Automatic Detection of Musculoskeletal Deformities Using Gait Biomechanics and Deep Learning: A Comprehensive Review

Human gait can be analyzed as an essential point of view of musculoskeletal and nervous systems functionality. Gait abnormalities are the initial measurable factors of pathology including Cerebral Palsy (CP) and a spinal cord injury. The gait analysis has historically moved forward, replacing the subjective visual observation of the gait to an objectively quantitative lab test comparing lab standards of lab-based kinematic and kinetic measurements.
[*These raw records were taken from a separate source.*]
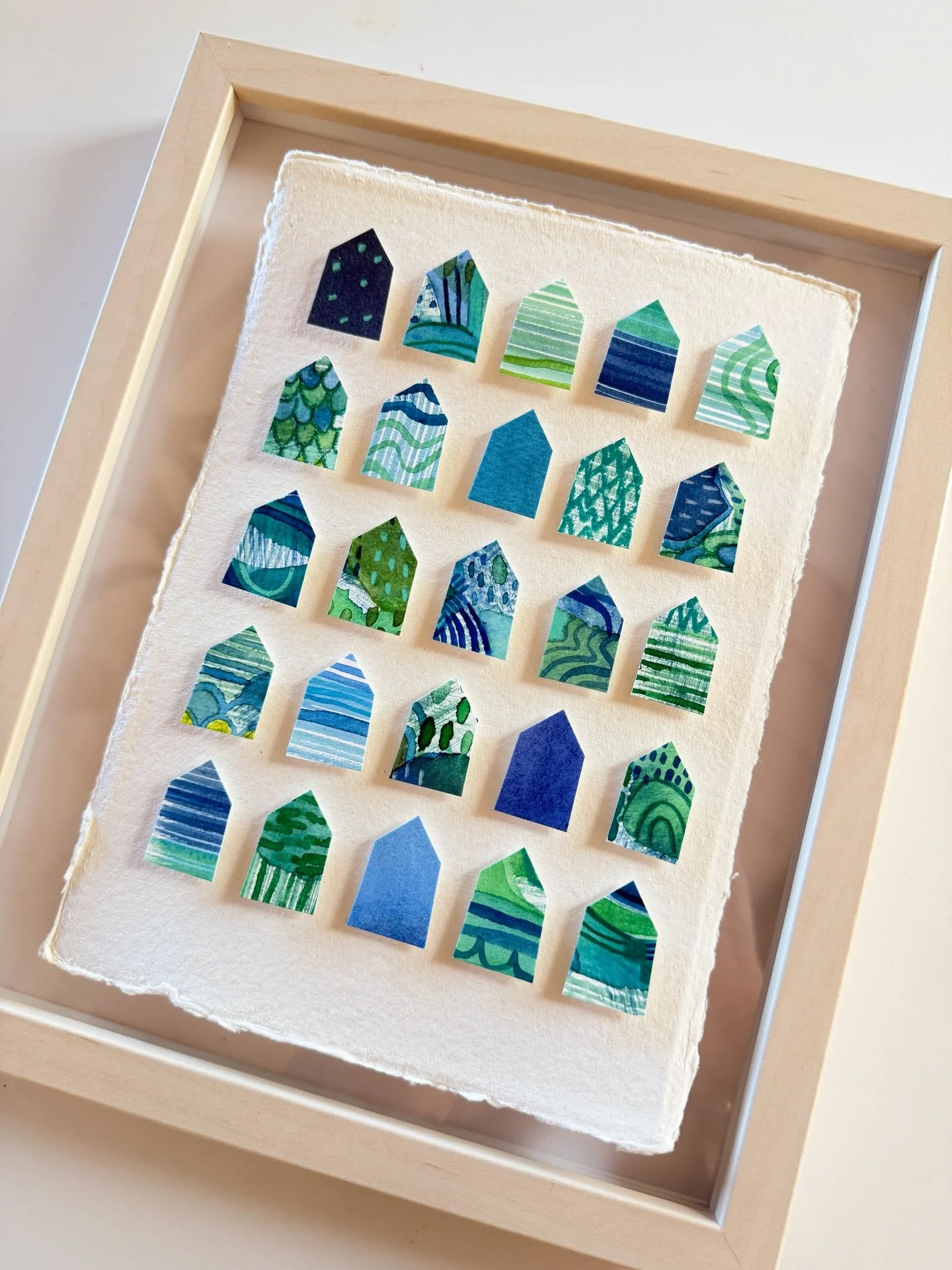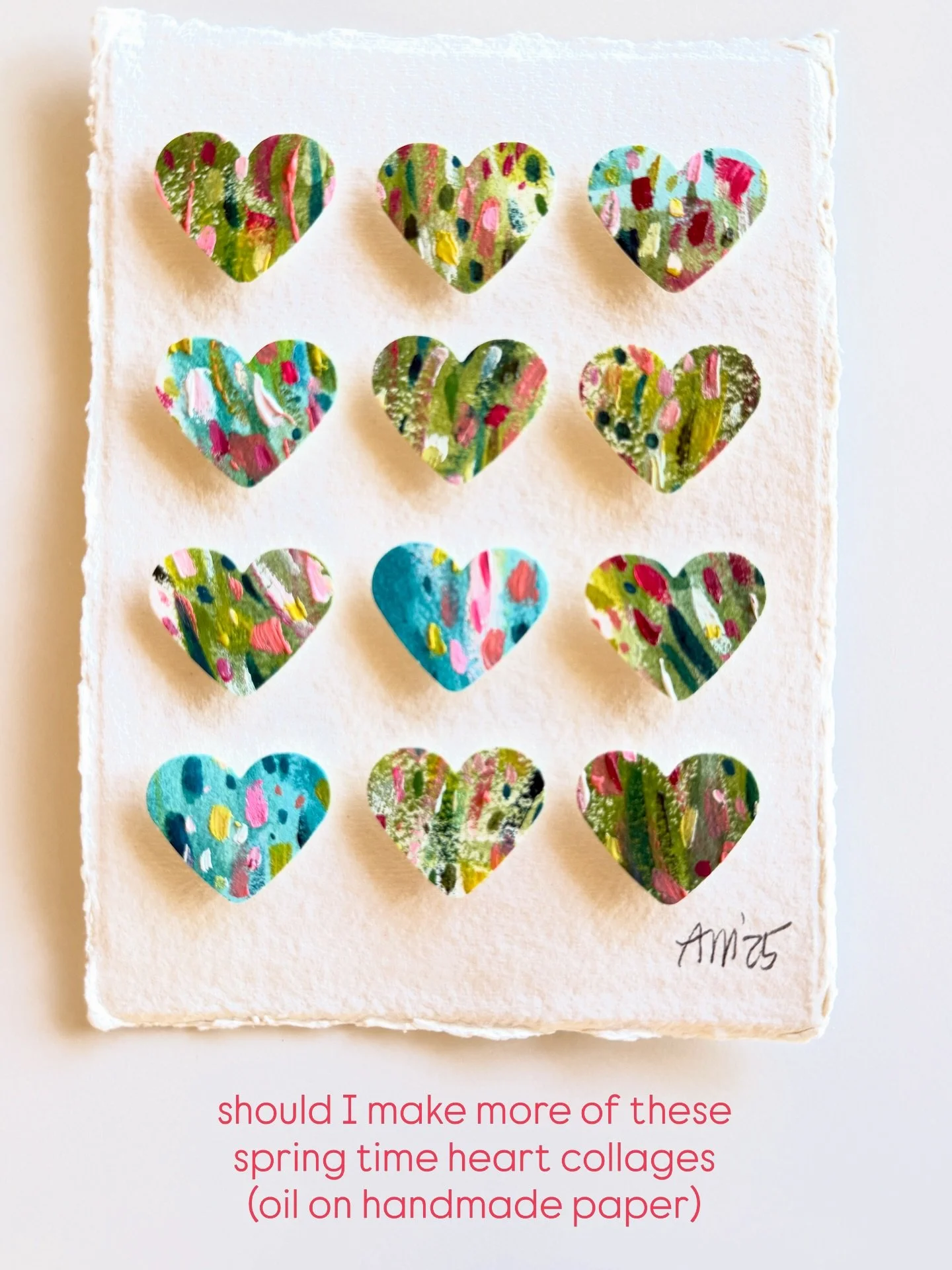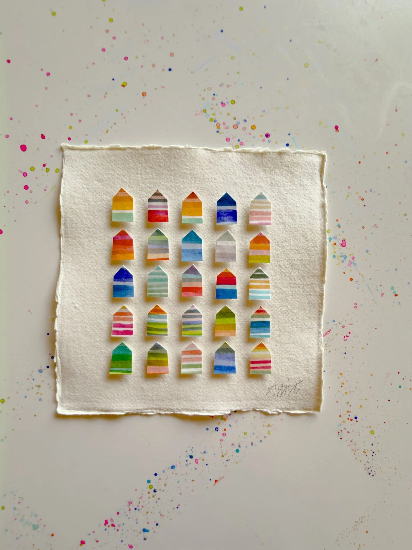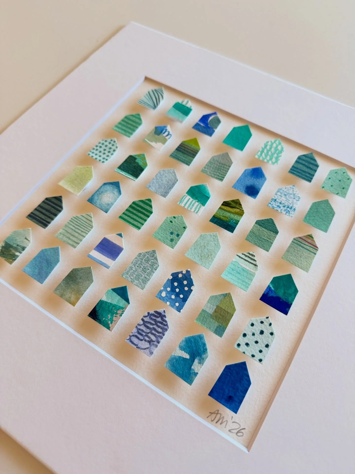 I am self-taught through personal experimentation with different mediums, and I have taken various online and in-person creative workshops with inspiring mentors and teachers. I've documented my children's lives as a scrapbooker, spent years photographing my family, friends, and clients, and since 2017 I've shared my creative art journey through my Instagram account, alexandramathias_art. I love experimenting with new mediums and different styles. I collect art books, art supplies, and "online art classes," and I thrive on my connections with fellow artists and my collectors on social media. While trying to define my style and find my niche, I realized that there was already a red thread weaving through all my artworks: my love of vibrant colors, repetitive mark-making, abstract art, and collage. Most of my current artworks are collage grids featuring my favorite motives: houses, hearts, and organic circle shapes. My artworks are collected throughout the US, Canada, Europe, and Japan.
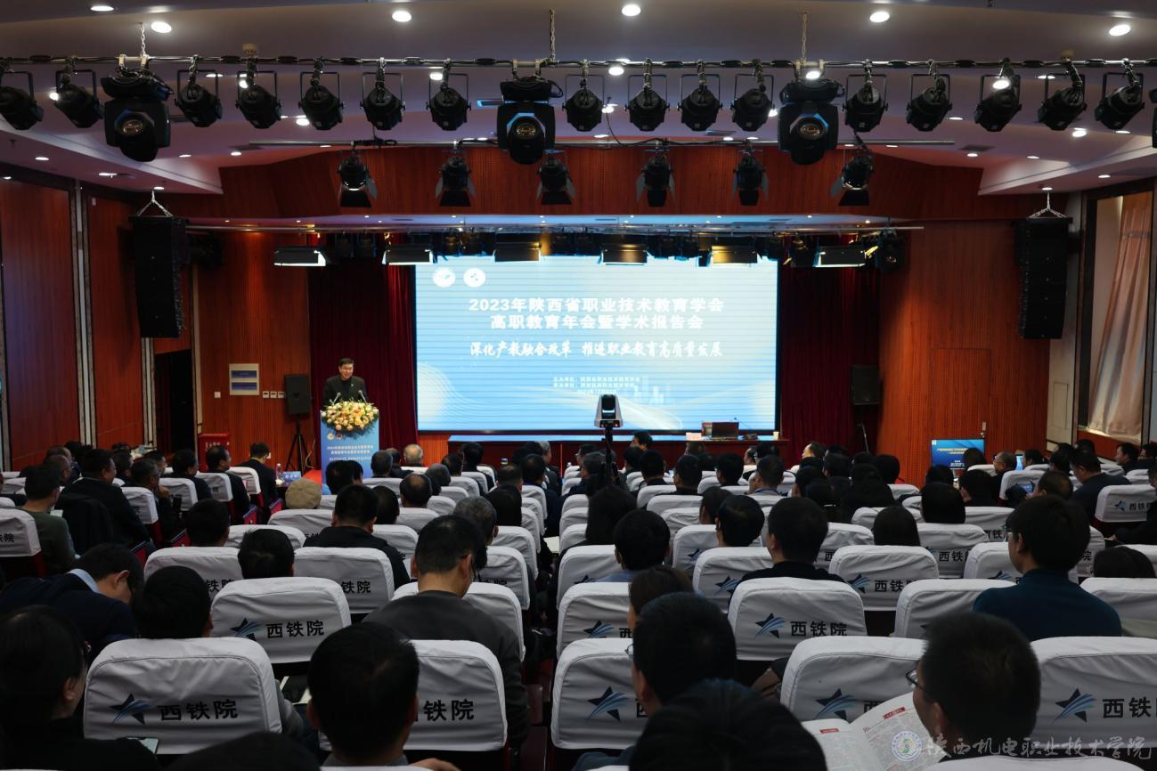 12月23日,陕西省职教学会2023年高职教育年会暨学术年会在西安召开,本次会议由陕西省职教学会主办,西安铁路职业技术学院承办。陕西省委教育工委委员、省教育厅副厅长申雪峰、职成教处处长王鹏,陕西省职业技术教育学会会长崔岩、全国高等职业学校校长联席会议主席、天津职业大学原校长董刚教授及相关会员单位代表等200余人参会。我校党委副书记、院长向纪明,党委委员、副院长张克及教务处、各二级学院负责人参加会议。
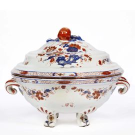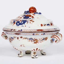 in maiolica dipinta in policromia, corpo di forma circolare poggiante su quattro piedini a ricciolo, doppia presa laterale a staffa che termina in un ricciolo, orlo fortemente estroflesso; coperchio alto con scanalature, centrato da una presa a frutto. Il decoro, di ispirazione orientale, riproduce i canoni stilistici della porcellana Imari con tocchi di oro; cm 25,8x32x29,2
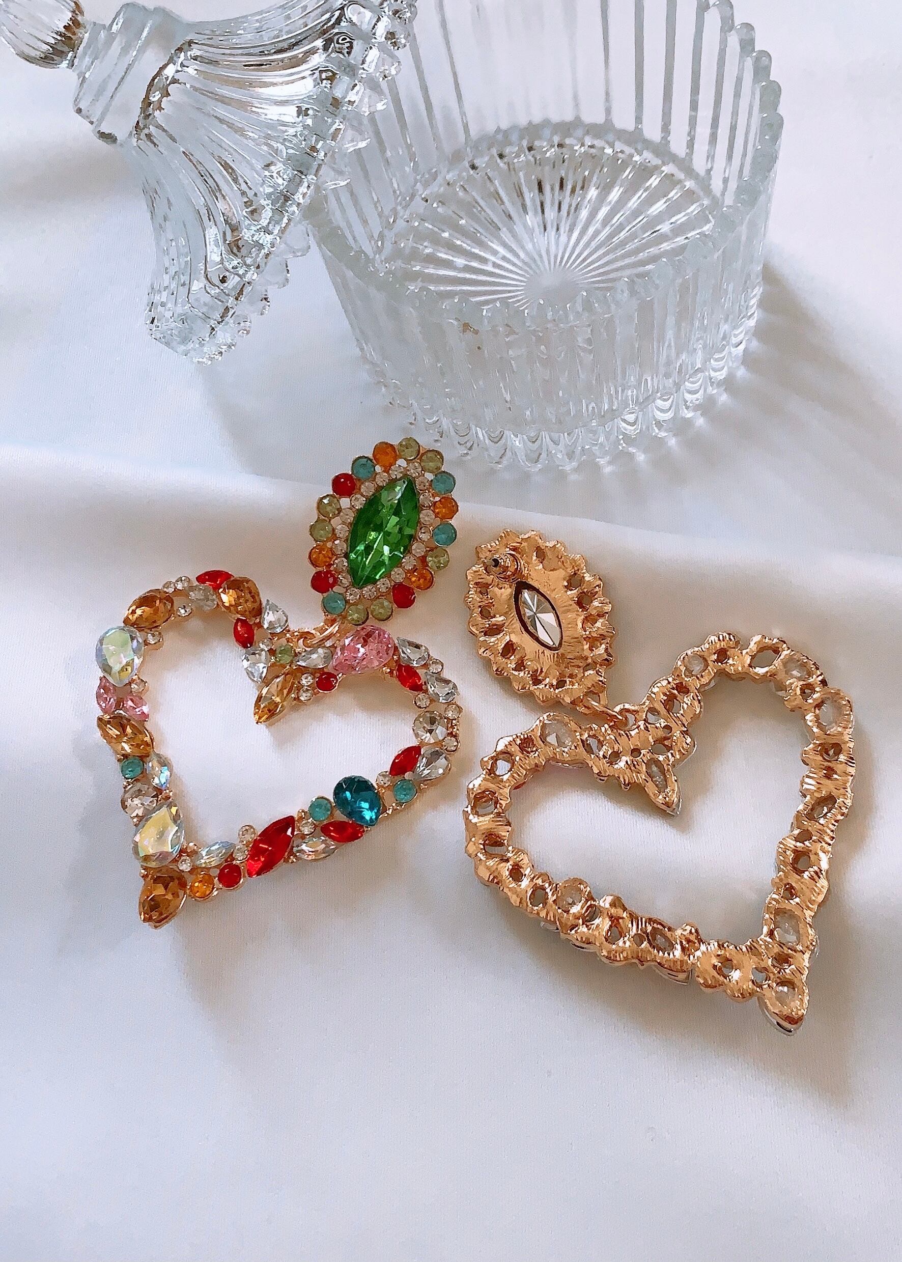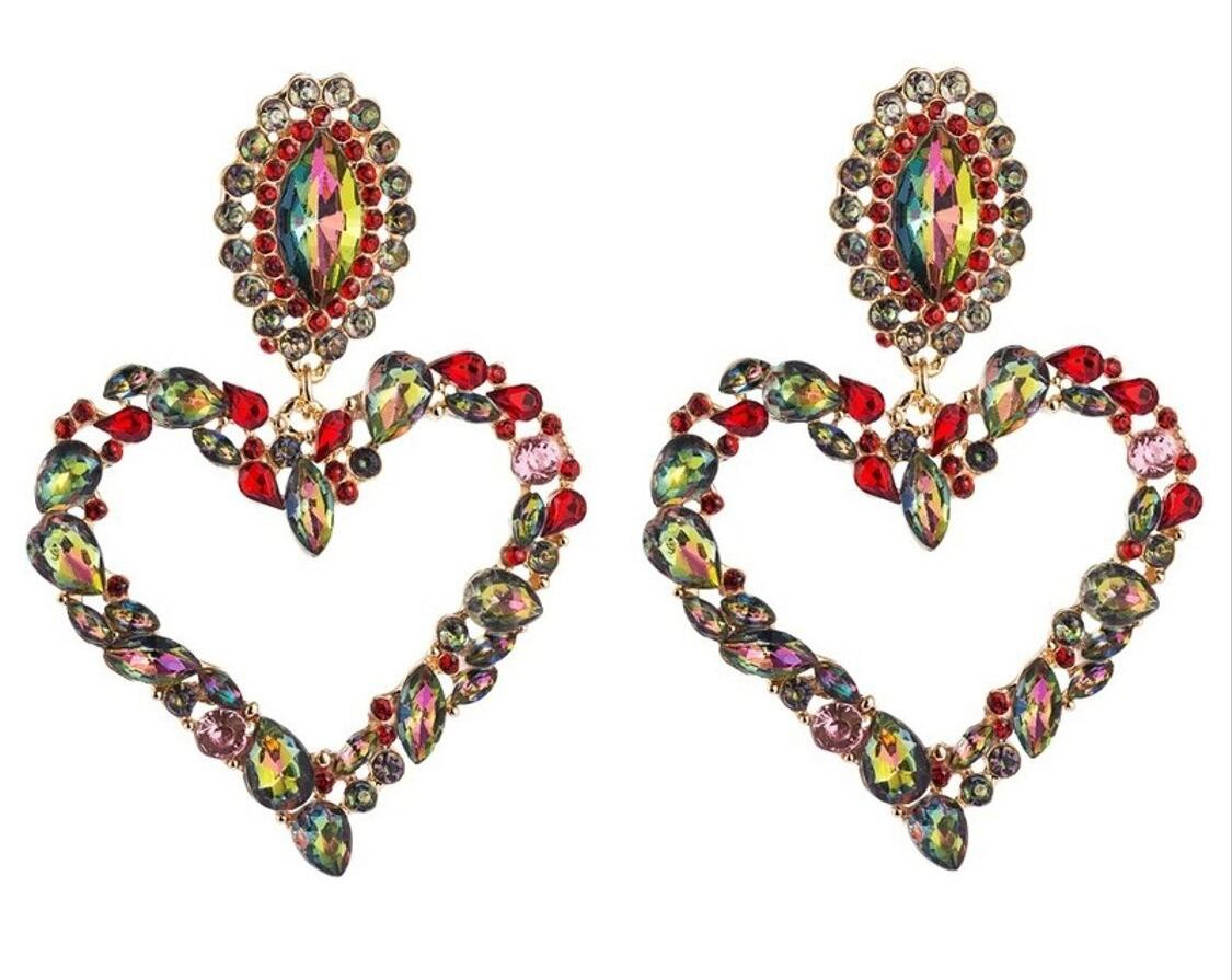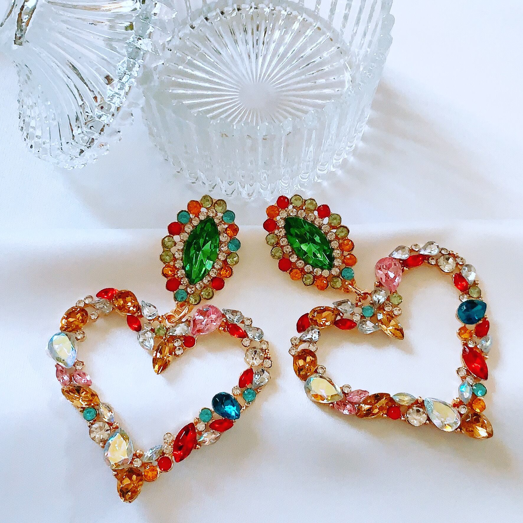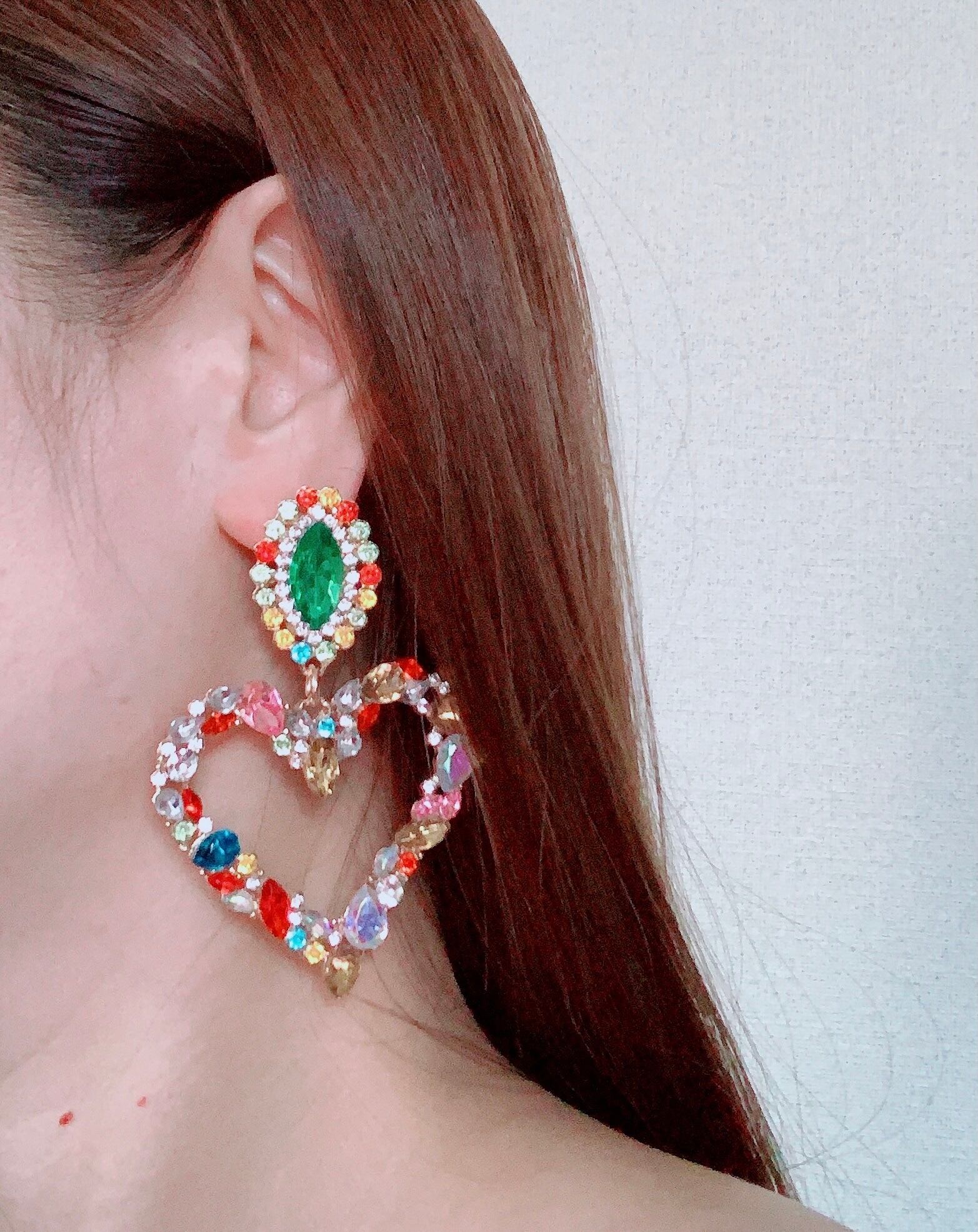 大ぶりハートピアス カラフルビジュー ゴージャスピアス ポップピアス
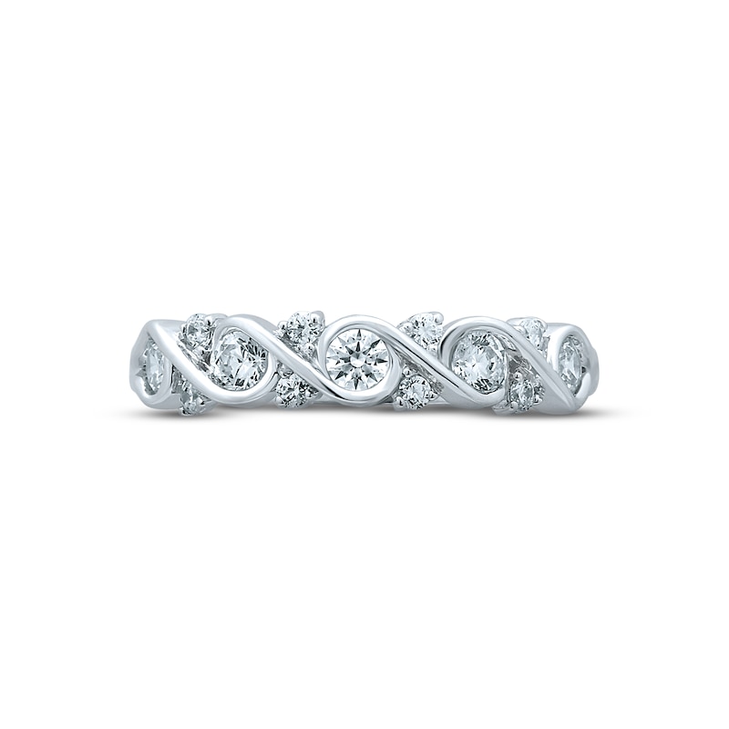 Shining swirls of 14K white gold weave around glittering round-cut diamonds in this alluring anniversary ring for her. Dainty round diamonds twinkle at the edges and give the ring a total diamond weight of 1/2 carat. From the Now and Forever® bridal collection.

But, the recent intersection of wearable sensor technology and Deep Learning (DL), has triggered a paradigm shift, where automatic, non-invasive and continuous detection of musculoskeletal deformities is enabled. The current paper is a thorough review of the literature aimed at analyzing the progression of the models of traditional kinematic algorithms and force-plate methodologies to the advanced ones based on Convolutional Neural Networks (CNNs) and neuro-fuzzy systems. Combining the information of all the studies used through the overground and treadmill locomotion, we assess the effectiveness of several biomechanical parameters, including the timing of the heel-strike and the toe-off, in the diagnosis of clinical conditions. The review focuses on the evolution of threshold-based heuristic algorithms to data-driven deep learning models that can extract latent features at the inertial measurement units (IMUs), and concludes that the combination of deep learning and biomechanical profiling can be the future of accuracy in orthopedic and rehabilitation diagnostic procedures.